Sensor 150 is an inertial measurement unit which reports to software 130 via computer 120 changes in x, y, and z acceleration and rotational acceleration about all three axes. Sensor 160 comprises odometry information obtained directly from vehicle 110, such as over an industry-standard CAN interface. This information preferably comprises wheel revolution speeds for each wheel and steering angle. These data are sent to software 130 via computer 120. Sensor 170 is a Global Positioning System receiver that obtains position estimates in global coordinates based on data from multiple geosynchronous satellites. These data are sent to software 130 via computer 120. In one embodiment, sensors 150, 160, and 170 are integrated via commercial off-the-shelf software so as to increase the overall reliability and accuracy of the vehicle position estimation. In another embodiment, the data from these sensors are treated separately until they are integrated directly into the software 130. Sensors 180 preferably comprise one or more LIDAR measurement systems which return distance and intensity or reflectivity data at a high data rate. In one embodiment, three sensors 180 are mounted on vehicle 110, one positioned on the left side facing left, one positioned on the right side facing right, and one positioned on the rear side facing rear. The data from the LIDAR sensors 180 is also sent to the software 130 via computer 120.
In the preferred embodiment of the invention, system 100 and system 200 perform mapping of a segment of the environment, creating map 201 of this segment. At a later time, system 300 drives through this segment of the environment and uses software 330, sensors 350-380, and map 201 to continuously output estimates of the location of vehicle 310.

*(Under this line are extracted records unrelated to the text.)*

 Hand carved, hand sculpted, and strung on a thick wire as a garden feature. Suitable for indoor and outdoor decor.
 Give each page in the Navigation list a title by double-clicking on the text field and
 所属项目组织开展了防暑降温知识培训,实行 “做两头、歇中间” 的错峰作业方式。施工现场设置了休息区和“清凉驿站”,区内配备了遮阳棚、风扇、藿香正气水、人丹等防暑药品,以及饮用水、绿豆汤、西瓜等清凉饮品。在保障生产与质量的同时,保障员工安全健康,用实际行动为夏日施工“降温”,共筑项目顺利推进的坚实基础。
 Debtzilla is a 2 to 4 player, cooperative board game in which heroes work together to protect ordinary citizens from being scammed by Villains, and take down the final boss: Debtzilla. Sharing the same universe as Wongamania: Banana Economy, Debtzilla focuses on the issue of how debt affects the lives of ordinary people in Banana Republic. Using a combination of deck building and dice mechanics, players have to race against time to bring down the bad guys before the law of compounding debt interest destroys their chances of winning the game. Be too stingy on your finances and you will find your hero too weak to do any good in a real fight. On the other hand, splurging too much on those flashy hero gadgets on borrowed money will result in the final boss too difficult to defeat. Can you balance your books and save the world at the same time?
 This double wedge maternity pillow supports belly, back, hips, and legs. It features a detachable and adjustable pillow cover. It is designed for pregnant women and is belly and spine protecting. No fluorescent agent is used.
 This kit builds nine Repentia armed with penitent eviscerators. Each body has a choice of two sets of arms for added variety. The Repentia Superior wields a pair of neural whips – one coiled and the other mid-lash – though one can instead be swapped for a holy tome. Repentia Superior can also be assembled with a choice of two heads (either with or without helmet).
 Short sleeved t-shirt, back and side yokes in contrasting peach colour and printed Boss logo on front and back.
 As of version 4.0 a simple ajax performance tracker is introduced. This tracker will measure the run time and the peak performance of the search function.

Software 130 logs data from sensors 150-180 to the hard disk drive 190 of computer 120 as the vehicle travels through the section of the environment to be mapped. These data are recorded at various rates. For example, the GPS 170, IMU 150, and odometry 160 data may be recorded at 200 Hz while the LIDAR data 180 may be recorded at 75 Hz. These data are stored in a computer log file 198.
Log file 198 may be post-processed, either in system 100 or system 200, using available software that implements a Kalman filter for data smoothing. In this manner, discontinuities in sensor data such as GPS signals are filtered and a smooth stream of position estimations with improved accuracy is saved to an intermediate log file 199 in the preferred embodiment.
Referring then to
In step 712 the 3-D mesh is converted to a ground plane or near ground plane representation. The simplest way to perform this conversion is to simply delete any elements which have a z axis value greater than a predetermined value. Other more sophisticated techniques can be used if desired. The remaining data is then effectively a 2-D reflectivity map or representation of the environment. This conversion results in a number of holes in the data where outliers existed, i.e. where elements not forming part of the ground plane such as vehicles and so on were present. By removing the outliers from the calculations at this stage, later mapping and localization operations are improved as they ignore points with no data. In step 713 the remaining portions of the 3-D mesh, the ground plane portion, are used to render a 2-D image of the region. In step 714 the 2-D images for the regions that overlap are aligned. More details on the alignment operations are described below, but briefly, the optimal shift is found via a least squares problem. Between any two position labels, the preferred embodiment assumes the existence of two slack variables, one that measures the relative error in x direction, and one that measures the error in y direction. The preferred embodiment adjusts the position data by minimizing the sum of all squared slack variables, under the constraint established by the ground map alignment. In step 716 the log file 199 is updated for the overlapping regions so that in those regions higher confidence log file entries are present for later operations.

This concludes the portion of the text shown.